Note that \({{\textbf {x}}}_{i}^{\prime }\varvec{\beta }_{i}=\sum _{j=1}^{p}\beta _{ij}x_{ij}\), and

$$\begin{aligned} E\left[ \left( \sum _{j=1}^{p}\beta _{ij}x_{ij}\right) ^{r}\right] =\sum _{\sum _{j=1}^{p}q_{j}=r}\left( {\begin{array}{c}r\\ {{\textbf {q}}}\end{array}}\right) E\left( \prod _{j=1}^{p}x_{ij}^{q_{j}}\right) E\left( \prod _{j=1}^{p}\beta _{ij}^{q_{j}}\right) , \end{aligned}$$

where \(\left( {\begin{array}{c}r\\ {{\textbf {q}}}\end{array}}\right) =\frac{r!}{q_{1}!q_{2}!\cdots q_{p}!}\), for nonnegative integers r, \(q_{1}\), \(\ldots \), \(q_{p}\) with \( r=\sum _{j=1}^{p}q_{j}\), denotes the multinomial coefficients.
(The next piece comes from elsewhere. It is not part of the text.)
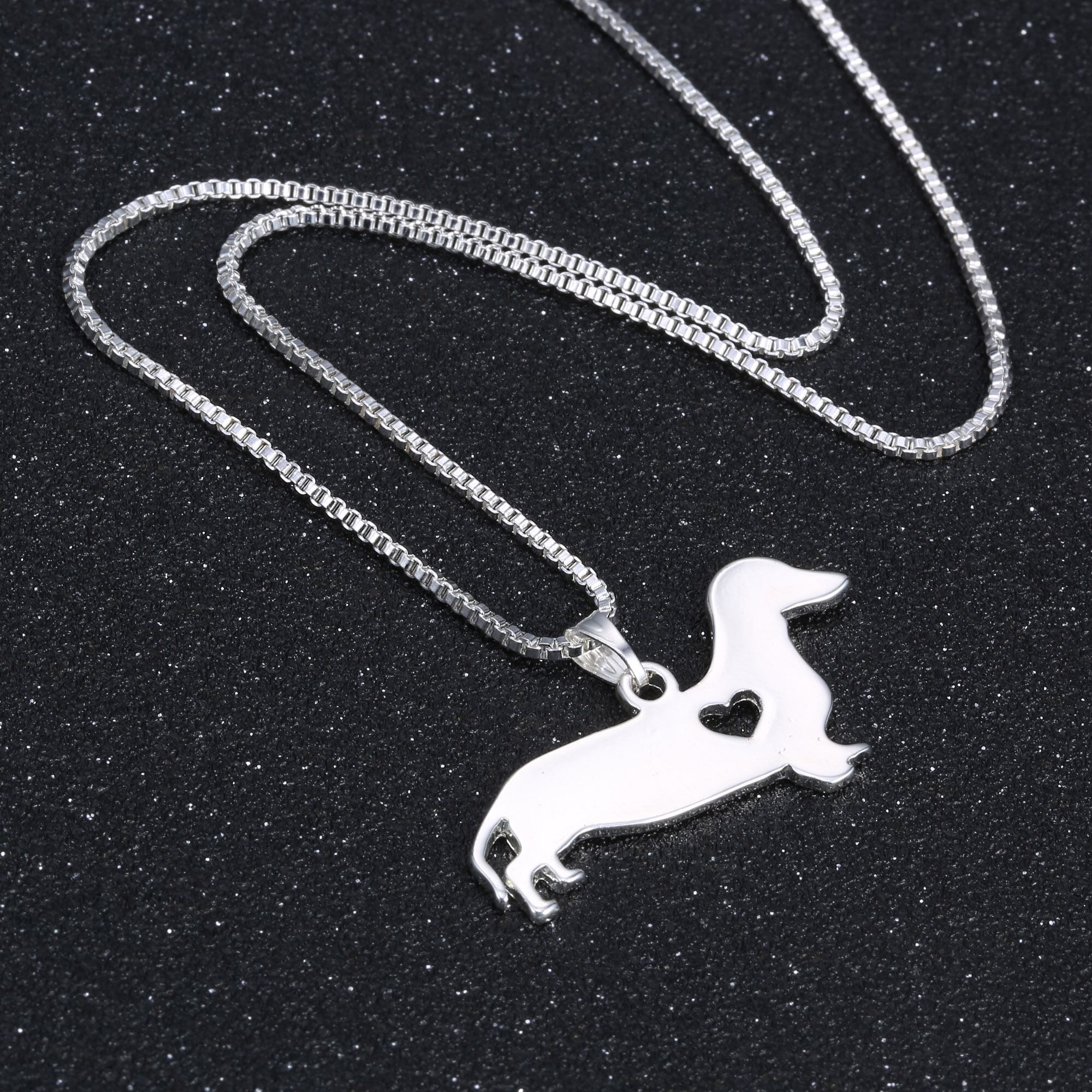 送料無料 シルバーカラーホロウハートかわいいメモリアルドッグペットラバーチャームチョーカーネックレスダックスフントアニマルパピーネックレス発送 レース 大人ガーリー スウィート キュート カジュアル 銀 アクセサリー AE177776672984302

We stack \( \prod _{j=1}^{p}x_{ij}^{q_{j}}\) with \({{\textbf {q}}}\in \left\{ {{\textbf {q}}}\in \left\{ 0,1,\ldots r\right\} ^{p}:\sum _{j=1}^{p}q_{j}=r\right\} \) in a vector form by denotingFootnote 4

$$\begin{aligned} \varvec{\tau }_{r}\left( {{\textbf {x}}}_{i}\right) =\left[ \varphi \left( {{\textbf {x}}}_{i},{{\textbf {q}}}_{1}\right) ,\varphi \left( {{\textbf {x}}}_{i},{{\textbf {q}}}_{2}\right) ,\ldots ,\varphi \left( {{\textbf {x}}}_{i},{{\textbf {q}}}_{\nu _{r}}\right) \right] ^{\prime }, \end{aligned}$$

where \(\varphi \left( {{\textbf {x}}}_{i},{{\textbf {q}}}\right) =\prod _{j=1}^{p}x_{ij}^{q_{j}}\) and \(\nu _{r}=\left( {\begin{array}{c}r+p-1\\ p-1\end{array}}\right) \) is the number of distinct monomials of degree r on the variables \( x_{i1},x_{i2},\ldots ,x_{ip}\). Similarly,

$$\begin{aligned} \varvec{\tau }_{r}\left( \varvec{\beta }_{i}\right) =\left[ \varphi \left( \varvec{\beta }_{i},{{\textbf {q}}}_{1}\right) ,\varphi \left( \varvec{\beta } _{i},{{\textbf {q}}}_{2}\right) ,\ldots ,\varphi \left( \varvec{\beta }_{i}, {{\textbf {q}}}_{\nu _{r}}\right) \right] ^{\prime }, \end{aligned}$$

where \(\varphi \left( \varvec{\beta }_{i},{{\textbf {q}}}\right) =\prod _{j=1}^{p}\beta _{ij}^{q_{j}}\).

Example 2

Consider \(p = 2\) and \(r = 2\), we have

$$\begin{aligned} \varvec{\tau }_2\left( {{\textbf {x}}}_i \right)&= \left( x_{i1}^2, x_{i1}x_{i2}, x_{i2}^2 \right) ^\prime , \\ \varvec{\tau }_2\left( \varvec{\beta }_i \right)&= \left( \beta _{i1}^2, \beta _{i1}\beta _{i2}, \beta _{i2}^2 \right) ^\prime , \end{aligned}$$

and

$$\begin{aligned}&E\left[ \left( x_{i1}\beta _{i1} + x_{i2}\beta _{i2} \right) ^2 \right] = E\left( x_{i1}^2\right) E\left( \beta _{i1}^2\right) + 2 E\left( x_{i1}x_{i2}\right) E\left( \beta _{i1}\beta _{i2} \right) + E\left( x_{i2}^2 \right) E\left( \beta _{i2}^2\right) \\&\quad = \left[ E\left( x_{i1}^2\right) , E\left( x_{i1}x_{i2} \right) , E\left( x_{i2}^2 \right) \right] \textrm{diag}\left[ \left( 1, 2, 1 \right) ^\prime \right] \left[ E\left( \beta _{i1}^2\right) , E\left( \beta _{i1}\beta _{i2}\right) , E\left( \beta _{i2}^2 \right) \right] ^\prime \\&\quad = E\left[ \varvec{\tau }_2\left( {{\textbf {x}}}_i \right) \right] ^\prime \varvec{\Lambda }_2 E\left[ \varvec{\tau }_2\left( \varvec{\beta }_i \right) \right] , \end{aligned}$$

where \(\varvec{\Lambda }_2 = \textrm{diag}\left[ \left( 1, 2, 1 \right) ^\prime \right] \).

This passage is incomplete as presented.